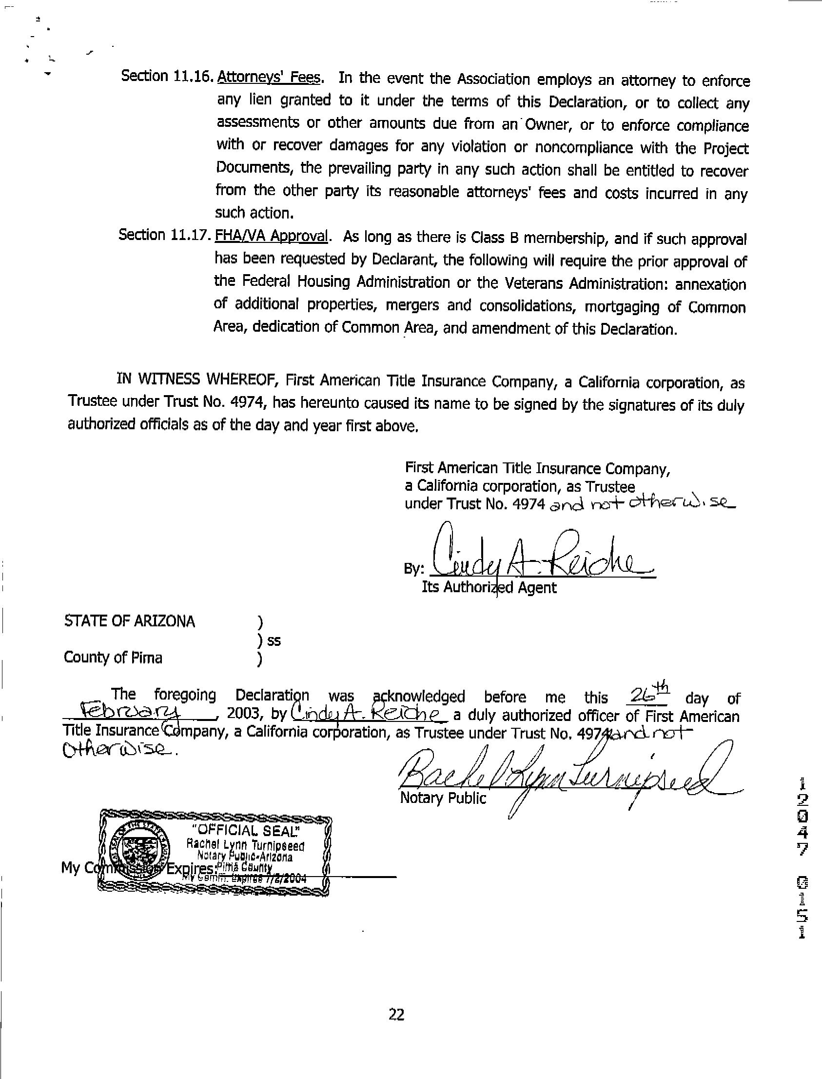 Mailing Address : 1118 N Copper Spur Ct, Tucson AZ 85715-5254 C041
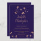Design sophistiqué et moderne, cuivre métallique design floral sur faire-part de mariage arrière - plan bleu minuit.
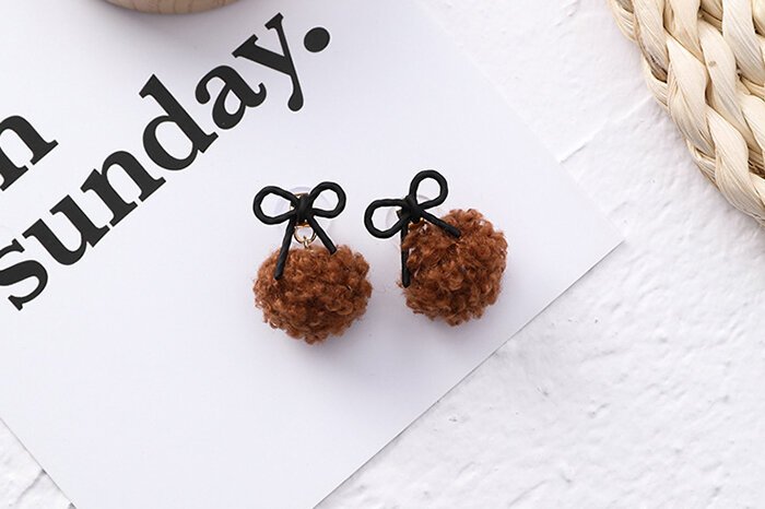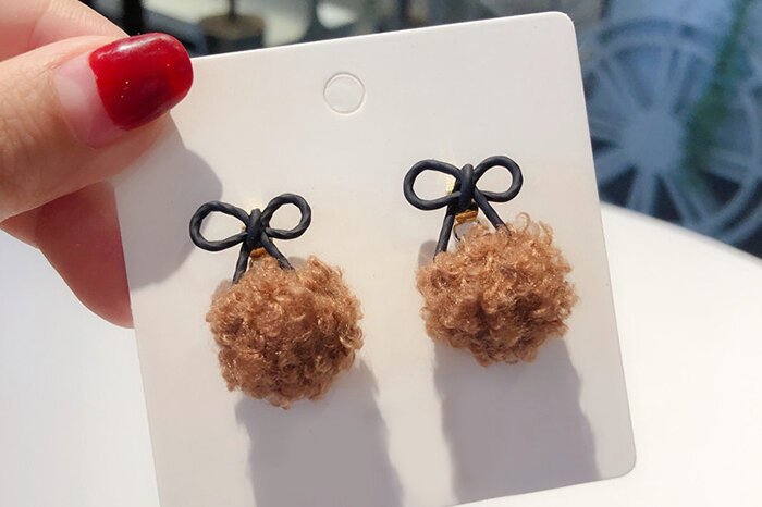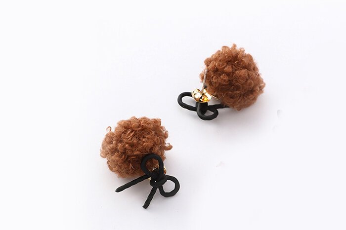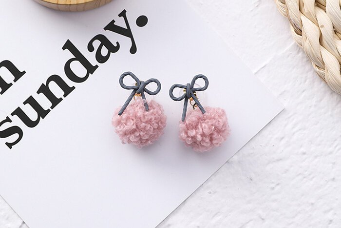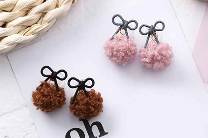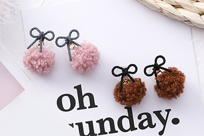蝴蝶結捲捲毛球×吊墜耳環×共二色-第5張
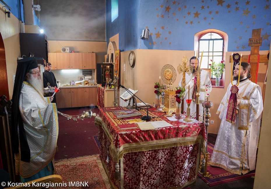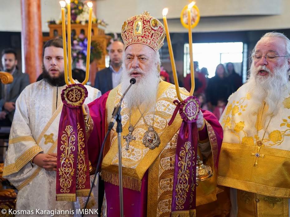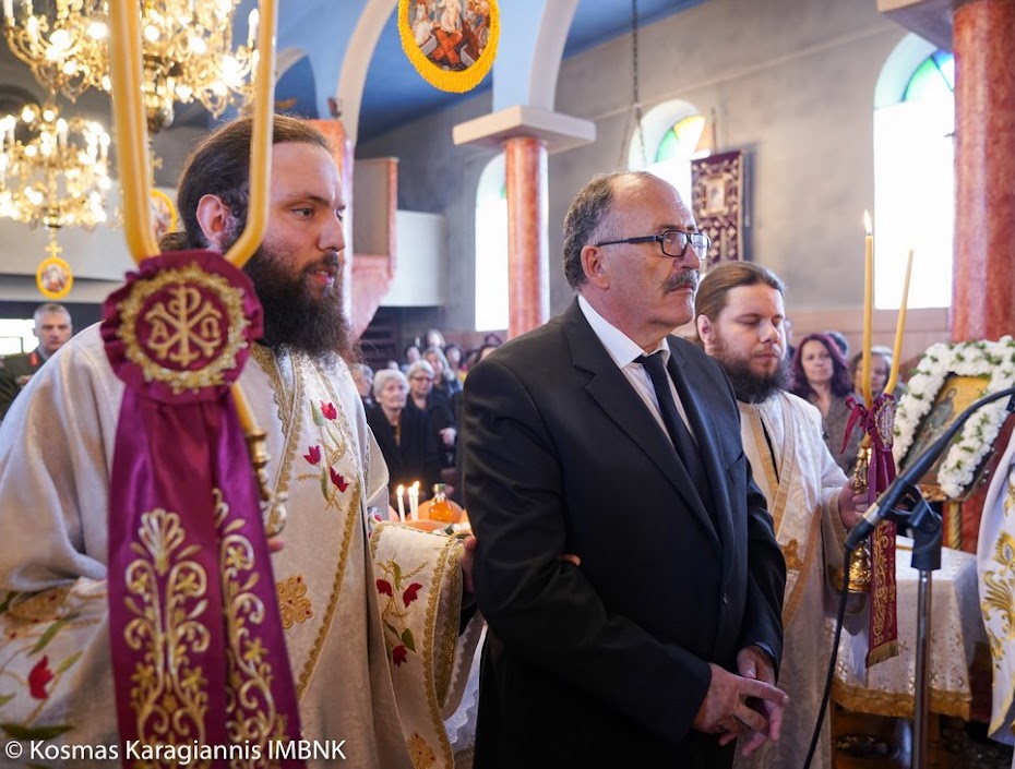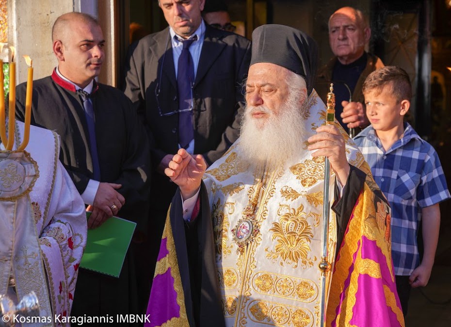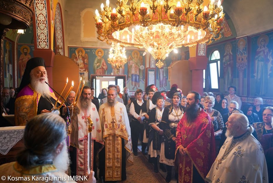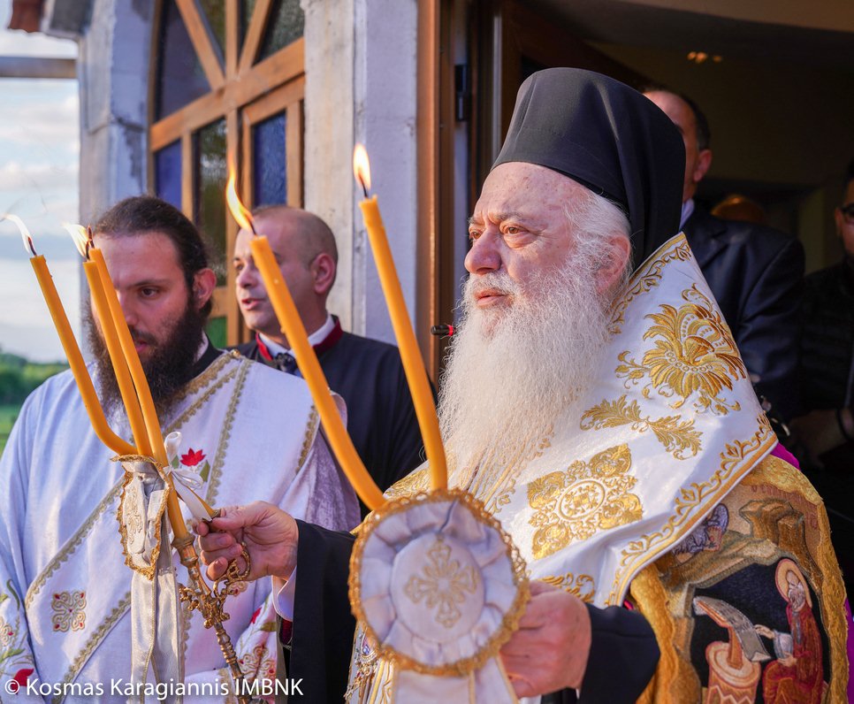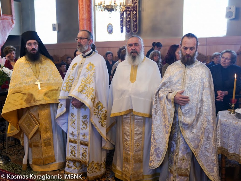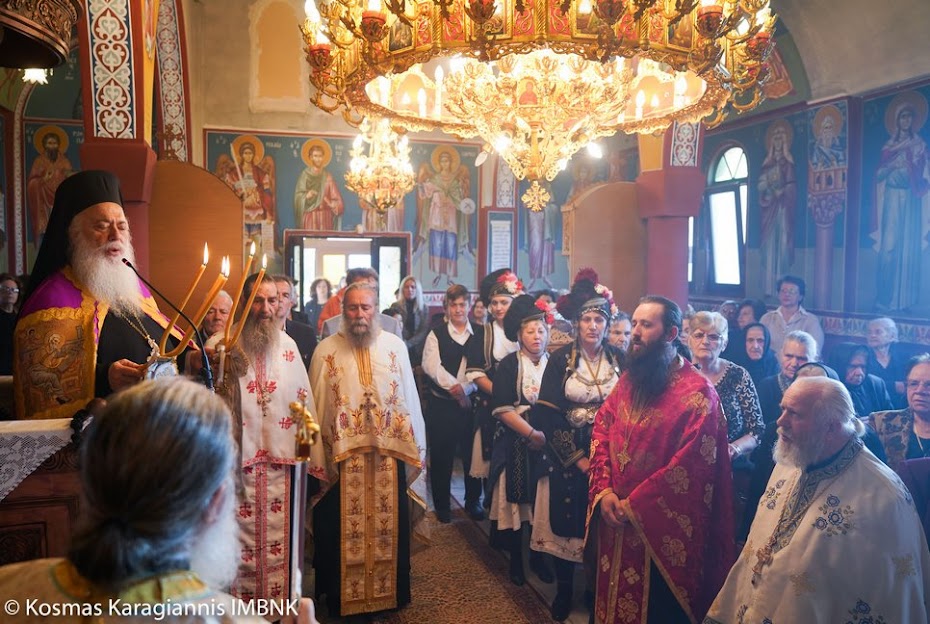 Το εσπέρας της εορτής ο Σεβασμιώτατος Μητροπολίτης Βεροίας, Ναούσης και Καμπανίας κ. Παντελεήμων χοροστάτησε στον Πανηγυρικό Εσπερινό και κήρυξε τον θείο λόγο στο Ιερό Παρεκκλήσιο των εορταζόντων Αγίων στο Λουτρό.

» Directions for this task
The lines to repeat run from the line containing "蝴蝶結捲捲毛球×吊墜耳環×共二色-第5張" through the end of the listing above, both included; give them exactly and without pictures.

» Result for this task
蝴蝶結捲捲毛球×吊墜耳環×共二色-第5張
 Το εσπέρας της εορτής ο Σεβασμιώτατος Μητροπολίτης Βεροίας, Ναούσης και Καμπανίας κ. Παντελεήμων χοροστάτησε στον Πανηγυρικό Εσπερινό και κήρυξε τον θείο λόγο στο Ιερό Παρεκκλήσιο των εορταζόντων Αγίων στο Λουτρό.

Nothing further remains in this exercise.